Sebata described herself as a passionate fan. She has loved tennis since the Pete Sampras days, although she does not play. Her friend Dianah Kazazi, a social worker who came to England from Uganda and the Netherlands, shares the same passion for the game. As we spoke, they looked around — up and down a corridor just outside the majestic, ivy-covered Center Court — and couldn’t find anyone who seemed to have the African heritage they shared. They said they have many black friends who enjoy tennis but don’t feel like they’re a part of Wimbledon, which is in a luxurious suburb that feels exclusive and so far removed from everyday life.

“Behind this tournament is an institution and a history that perpetuates the status quo,” said Kazazi. “You have to think outside the box as a fan to get around that.” She continued, “It’s the story that speaks to us as fans, but that story says something to people who don’t feel comfortable coming.” For many people of color in England, tennis is simply not seen as “something for us”.

I have understood.

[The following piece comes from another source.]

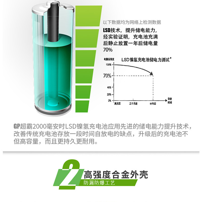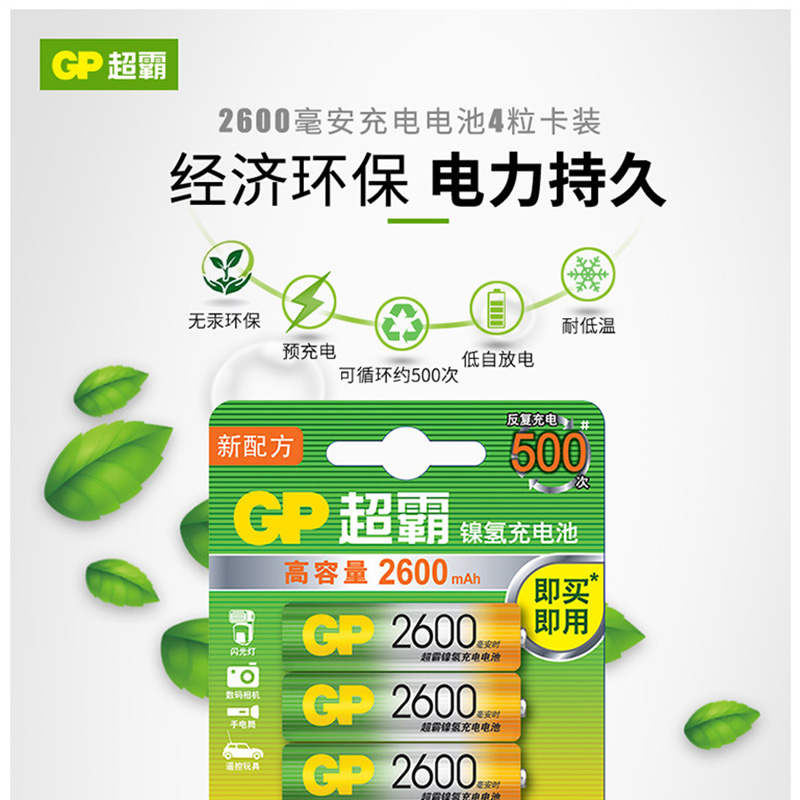 超霸(GP) 260AAHC-2IL2 充電電池5號(hào)2節(jié)裝電話(huà)遙控器相機(jī)玩具體重秤血壓儀2600毫安 AA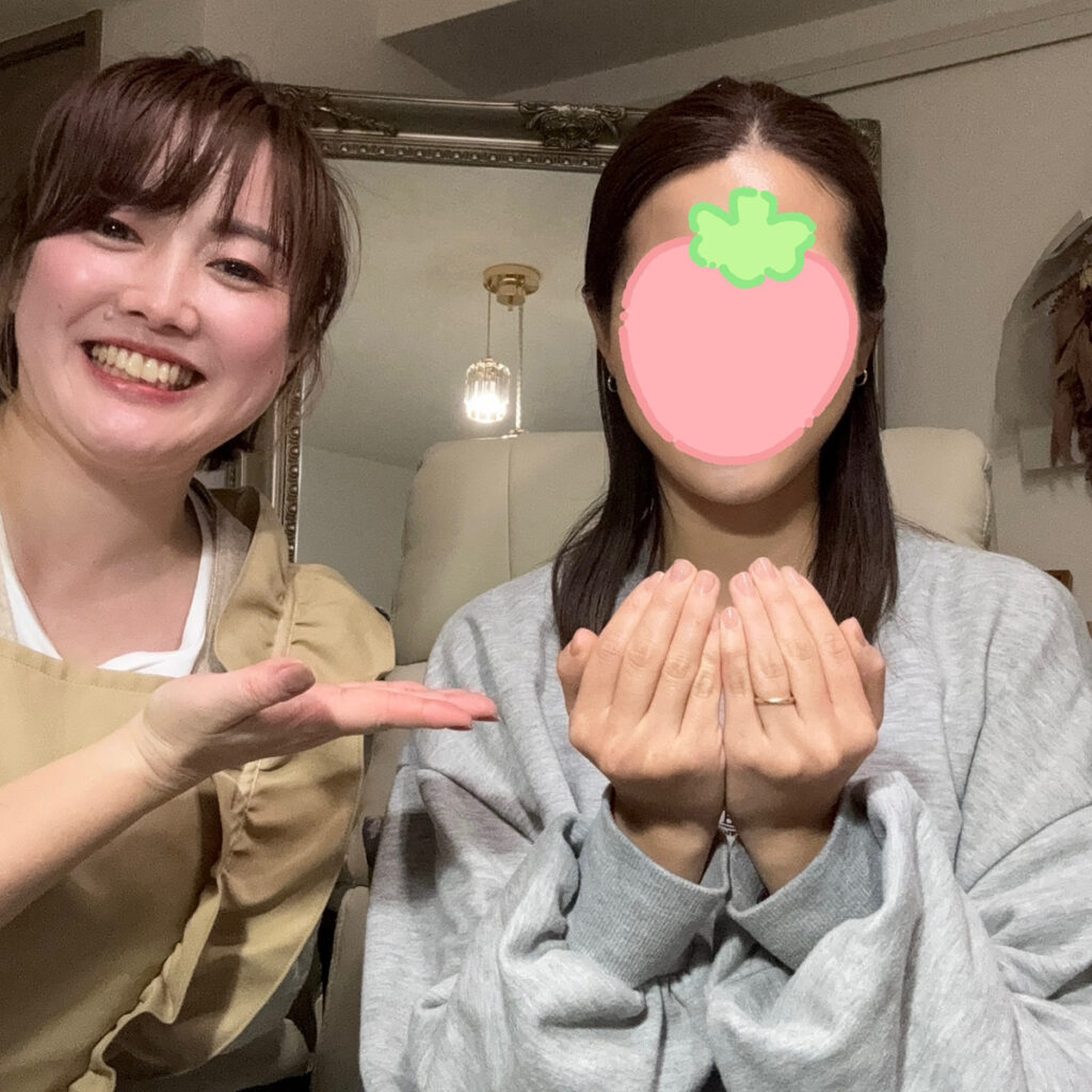 ですが、1回の施術で見違えるほど綺麗になって驚きました。何度も指先を見て、嬉しい気持ちになりました。

I know exactly where these fans came from. I felt their dismay and bitterness and doubts if things would change. honesty, it hurt.

Maybe it helps to know what Wimbledon means to me.

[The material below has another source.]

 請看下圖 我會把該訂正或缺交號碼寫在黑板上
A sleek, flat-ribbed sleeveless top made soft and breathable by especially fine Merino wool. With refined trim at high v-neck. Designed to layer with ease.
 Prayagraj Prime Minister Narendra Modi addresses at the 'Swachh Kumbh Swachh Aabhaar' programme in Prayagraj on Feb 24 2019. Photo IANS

I get goosebumps stepping into the gates off the leafy dual carriageway of Church Road. On July 5, 1975, when Arthur Ashe defeated Jimmy Connors to become the first black man to win the Wimbledon singles title and the only black man to win a Grand Slam tournament title other than Yannick Noah at the 1983 French Open, I was a 9-year-old whose love of sports was the Seattle SuperSonics.

Seeing Ashe, with his graceful play and sharp intelligence, afro and skin that resembled mine, convinced me to make tennis my sport.

Wimbledon didn’t change the trajectory of my life, but it did change direction.

I became a nationally ranked junior and collegiate player. I spent a little over a year in the minor leagues of professional play and peaked at No. 448 on the ATP rankings. Non-white players were almost as rare in my day as they were in Arthur’s day.

Today, as we just saw this weekend, there is a burgeoning new breed of talent. Together, Serena and Venus Williams form their North Star. And yet there is a lot to do. Not just on the court, but also to attract fans to the game and get them into the stands of a monument to tennis like Wimbledon. A lot of work that will take a lot of time.